Cell viability of digested juices of collagen film treated with different crosslinking methods.

To explore whether collagen films can provide nutrients as a source to promote cell growth, a further study was carried out. Giving its great need of nutritional substance, HepG2 cells were used as a model. Cells were cultured overnight under FBS-free conditions (protein starved) in order to remove the nutritional effects of the FBS to understand whether the collagen films had the function of being the protein supplementation of the cells. The results revealed that all samples could provide nutrition for cells (Fig. 4). Especially UV and tannin-treated films which had no significant difference from the positive control (p > 0.05). It benefited from the higher DH of UV-treated collagen film after digestion, which was more easily absorbed by cells. And in lower concentrations, tannins could be used for the purpose of accelerated recovery of cells^[34]. It could be noticed, that although several treated collagen films provided nutritional effects, it was less but still promote cell growth slowly. Overall, various collagen film treatments had significant effects on cell growth (p < 0.05) except the one treated with GA treated, suggesting that different cross-linking treatments had a certain effect on the bio-availability of collagen.

Figure 4. 

Cell viability of collagen films and films treated with UV, DHT, tannin and GA.
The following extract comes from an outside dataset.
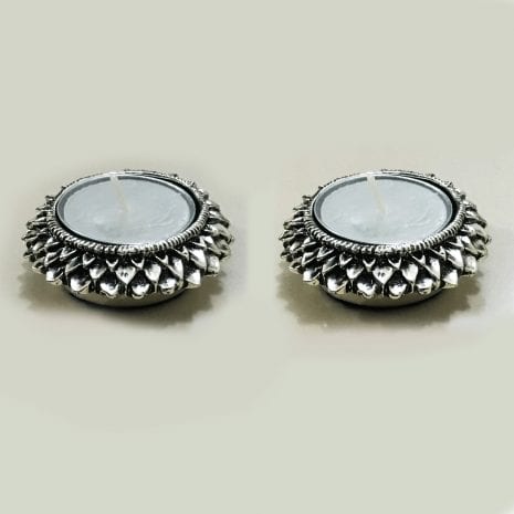 | Splendid and unique Mini Silver T-Lite Holder Pair in fine detailed Lotus flower border in antique and ethnic look.

In order to estimate the effect of crosslinking on the nutritional and safety of collagen film after digestion, in vitro digestion and cell culture models were adopted. The results of dry matter loss, degree of hydrolysis and absorption of collagen had positive correlation (p < 0.01). Therein, UV treatment and DHT had high digestive performances while tannin and GA were the opposite. The results of FTIR likely showed that crosslinking affects the structure changes in digestion and absorption and pepsin could mainly cleave the disordered structure of collagen.

Only glutaraldehyde treated film reduced cell viability to 73.13%, due to the incomplete removal of glutaraldehyde. The others had no negative effect and could even provide nutrition for HepG2 cells under starvation conditions, especially that UV and tannin treated films possess excellent nutritional properties. Therefore, except for glutaraldehyde, the other crosslinking methods could be used as safe approaches to promote film properties in terms of cell viability tests. These treatments had somewhat positive or negative effects on digestion.